- Location: Damascus Governorate, Rif Dimashq Governorate, Southern Syria
- Date: Throughout the Assad regime of both Hafez and Bashar
- Attack type: War crimes, including torture and execution
- Victims: >120,000 overall (estimated) >100,000 in al-Qutayfah "Several tens of thousands" in Najha
- Perpetrators: Assad regime

= Mass graves in Syria =

Mass graves found after the fall of the Assad regime

A number of mass graves were uncovered after the fall of the Assad regime in December 2024. The primary site was located in al-Qutayfah, approximately 37 km (23 mi) north of Damascus, with additional mass graves discovered throughout the southern Damascus countryside and in southern Syria. The primary al-Qutayfah site was predicted by investigators to contain the human remains of at least 100,000 people who had been systematically and extrajudicially killed.

== Discovery ==

Following the fall of the Assad regime in mid-December 2024, graves attributed to the rule of the Assad family, including both Bashar al-Assad and his father Hafez al-Assad, were uncovered by NGOs such as Human Rights Watch along with several academic researchers associated with the NIOD Institute for War, Holocaust and Genocide Studies and the University of Amsterdam. Their regime conducted widespread extrajudicial killings according to Syrian rebel groups, Syrian civilians, and academic experts, particularly within Syria's prison system, resulting in hundreds of thousands of casualties over several decades. The International Commission on Missing Persons, headquartered in The Hague, The Netherlands, reported the presence of at least 66 mass grave sites across Syria.

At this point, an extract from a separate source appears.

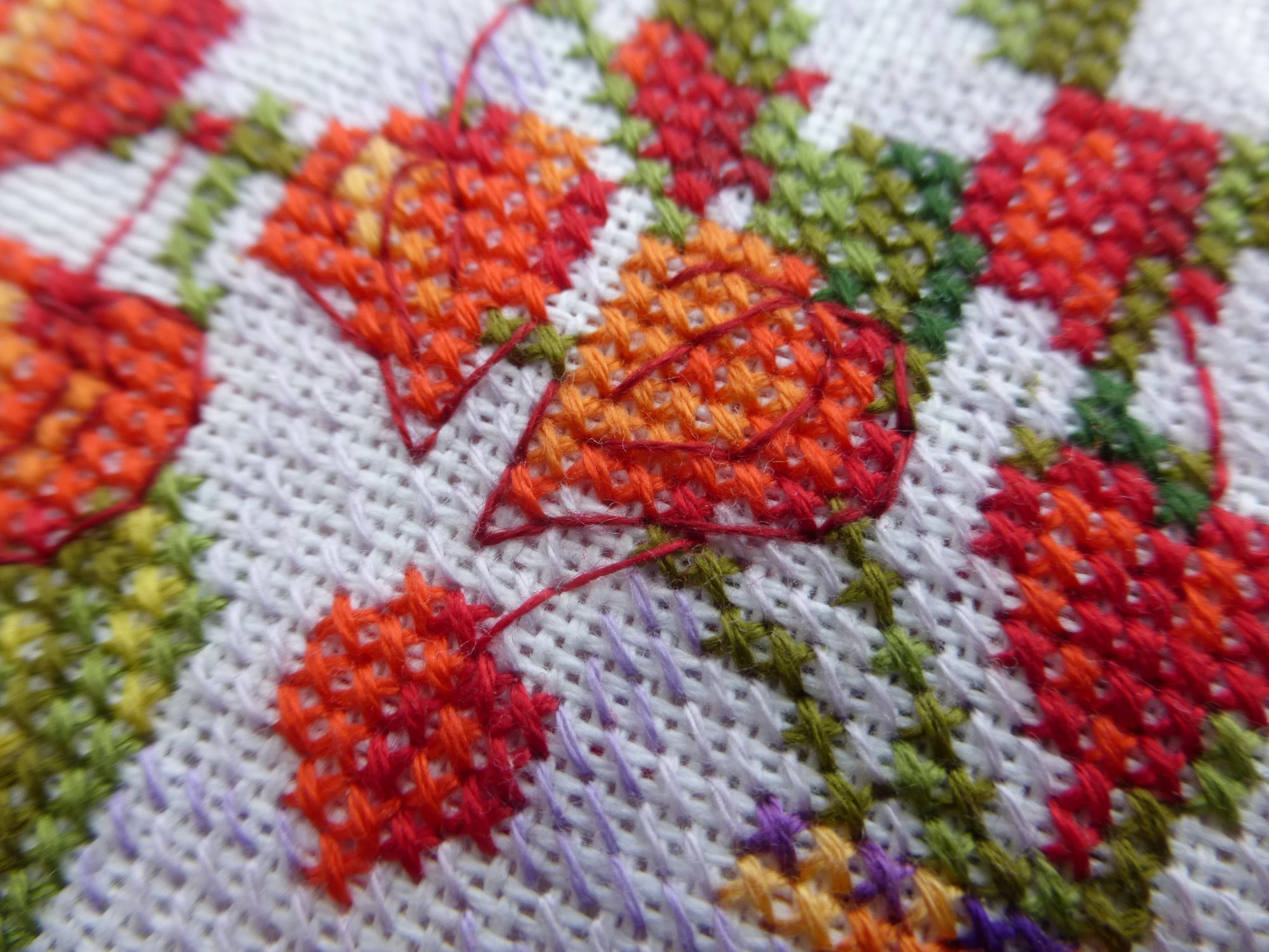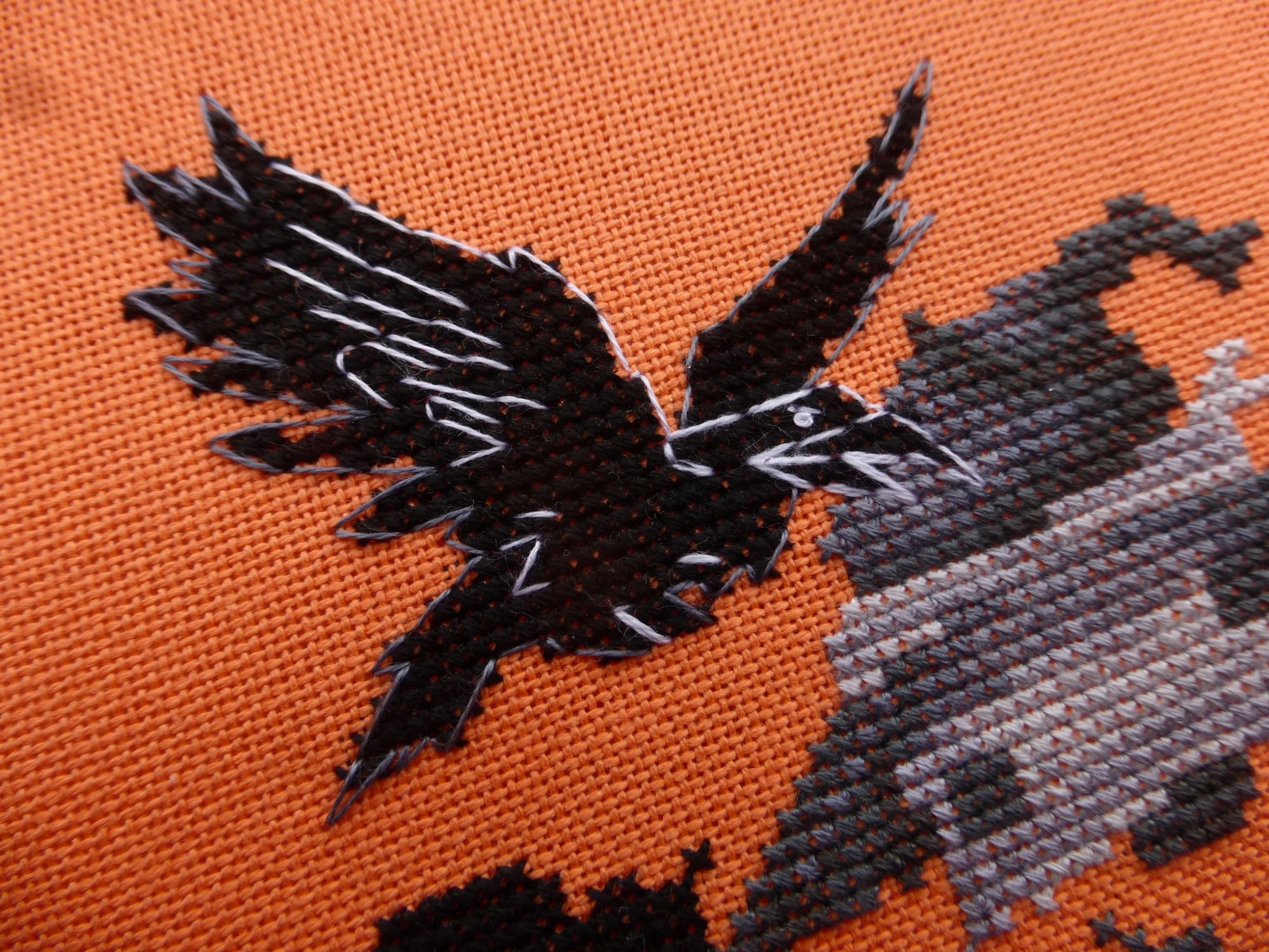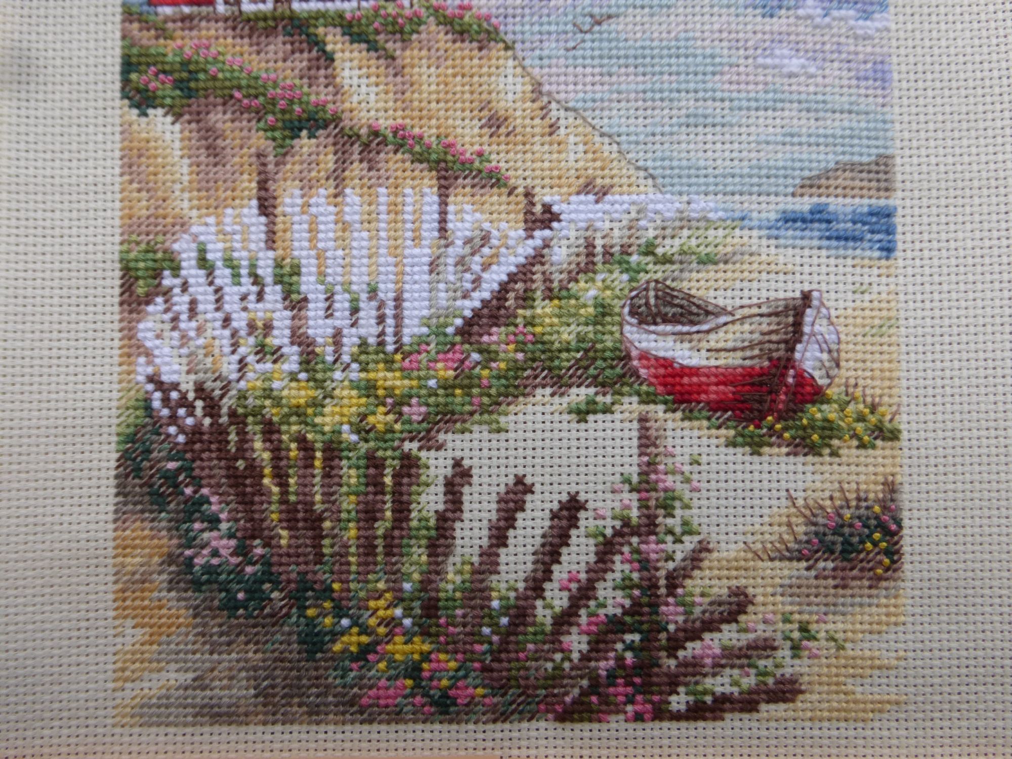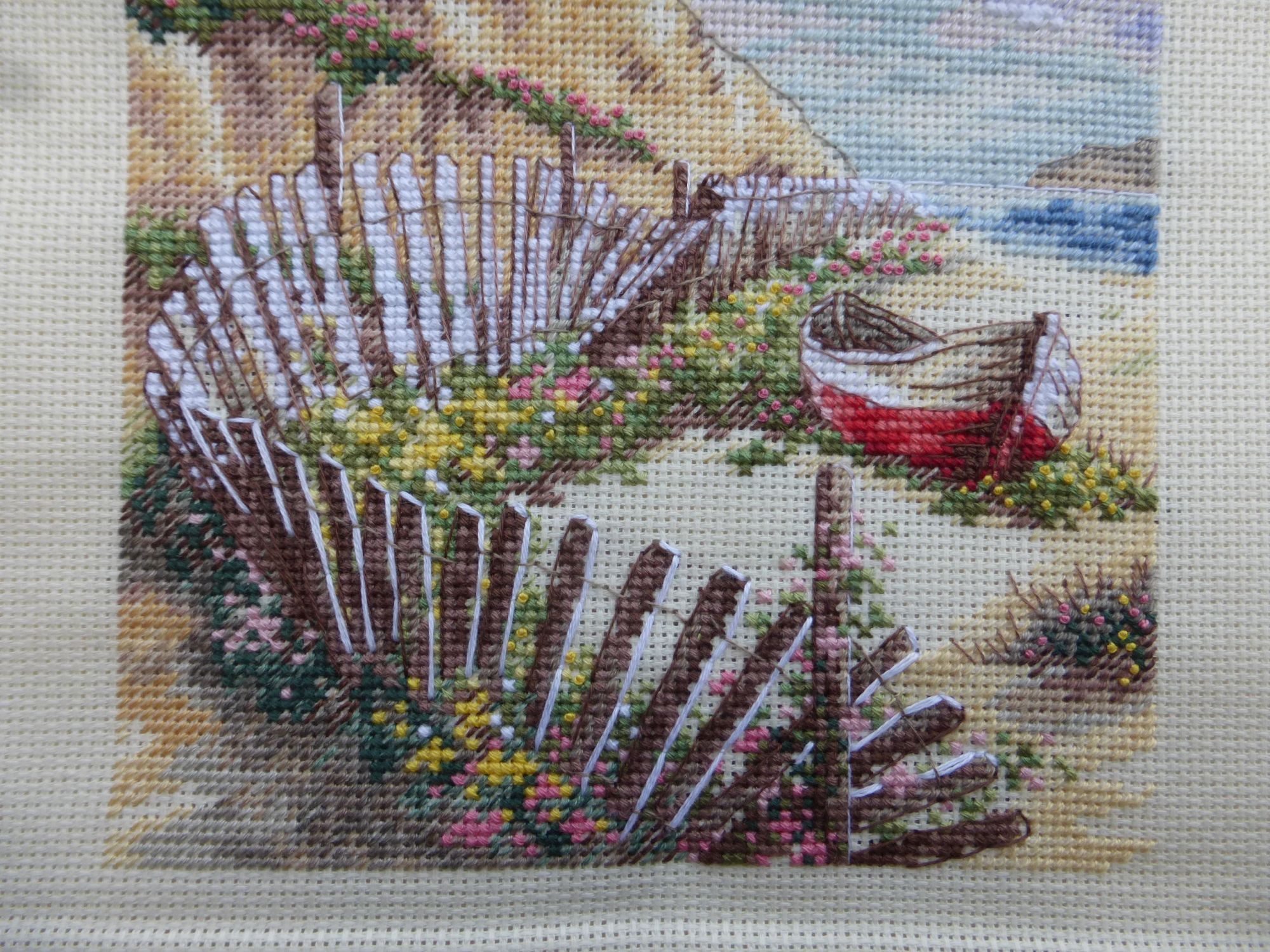 25 октября 2018 Всем привет. Специально для Лены titania еще немного нашей осени для излечения хандры. Она уже немного другая, не такая яркая, скорее уже багряная, сдержанная, но прекрасная во всех своих проявлениях будь то солнце, ветер или дождь ) А далее совсем не осенний, а частично зеленый летний отчет в честь завершения парочки процессов из числа имеющихся. Ну что поехали? Горох Предсказуемо закончился горошек. Оставался же всего лишь бэк, а я с ним никаких трудностей не имею. В отличие от обычных Алисиных дизайнов, здесь было больше дробного бэка, видимо, это связано с маленьким размером работы. Не много, не подавляюще, но есть. Напомню, что цветная часть в сантиметрах всего 7х10. Мне больше всего понравилось вышивать горошки и усики, очень приятно. А вот что я не делала, так это не стирала лен до. Вот шляпа! А ведь лен незнакомый французский, и вот фиг знает дает он усадку или нет. Надеюсь, что он скорее Белфаст нежели Пермин. Маяк на обрыве А дальше я хотела шить физалис. Очень хотела, но он не хотел шиться. После очередной ошибки взяла другой осенний - и тоже нет, сплошные ошибки. И вот методом проб и ошибок я поняла, что просто очень преочень хотел дошиться маячок от Димыча. Что такое миник никому объяснять не надо. Кто-то пробовал, кто-то сам шил, но факт есть факт, что миник - это квинтэссенция всех чуд Димыча на маленькой площади. Я долго ходила кругами мимо травы/цветов/забора. Глаза страшно боялись этой мешанины. Но не в этот раз. Я вооружилась маркерами, и процесс пошел. Всего два выходных и чудесный маячок готов. А уж какой кайф был делать этот забор. Он прекрасен. Белый бэк в три нити заменила на выкладную. Делала его полуленивым способом, а не как тру вышивальщица. То есть сначала в три нити весь, а потом уже прихватывала весь белым в 1 нить, а не сразу/параллельно, как выкладная должна делаться. Получила фии от Сережки, которого возмутило использование маркера на такой простой схеме. )))) Я не исключаю того, что где-то в траве налажала и совершенно точно налажала в лодочке, вышив вместо крестиков белым цветом полукрестики, но это мой маячок. И он меня очень радует. Многофоток к обязательному просмотру, ибо на фотках он еще более замечательный, чем в жизни. ))) Кухонный триптих Старенький Риолис, примитивная вышивка по сути, но до чего ж очаровательная. Я с большим удовольствием вышила следующий кусочек. Тут физалис без заморочек, но он чудо, как хорош в своем минимализме. А самое трудное место, как ни странно, полукрест. Во-первых, потому что он шьется в обратном направлении, это сбивает при начале. Стоит только отвлечься, выключить голову и все, снова по привычке шпарила направо. А, во-вторых, потому что один из значков, которым обозначен полукрест, как раз полукрест в обратную сторону. Это тоже сбивало на уровне подсознательного. Ну и поскольку было 2 завершения, то я бы не была мной, если бы что? Да-да, правильно! Новый процесс. Пугалко по рисунку Iren Horrors , схема Алисы Окнеас К Хэллоуину можно относиться как угодно, принимать или не принимать праздник дело каждого по отдельности. Но ведь мы здесь вышиваем, и иной раз совершенно непонятно, почему тот или иной сюжет цепляет. Просто именно ближе к этому дню появляется многотыкв и всяких пугал, мумий, вампиров. Я как-то ровно дышала в эту сторону. Нет, нравится очень, но самой вышивать не хотелось. А тут попалось

The total number of disappeared persons since 2011 exceeds 100,000, according to the Syrian Emergency Task Force. Organizations including the Syrian Observatory for Human Rights documented approximately 80,000 confirmed deaths among the missing, with an additional 60,000 individuals believed to have died from torture.

=== Damascus ===
==== al-Qutayfah ====
A mass grave uncovered in al-Qutayfah in the countryside 25km north of Damascus emerged as the most substantial discovery by quantity, characterized by investigators as a centralized burial location for the Assad regime. Investigators estimated that the mass grave contained the human remains of at least 100,000 people.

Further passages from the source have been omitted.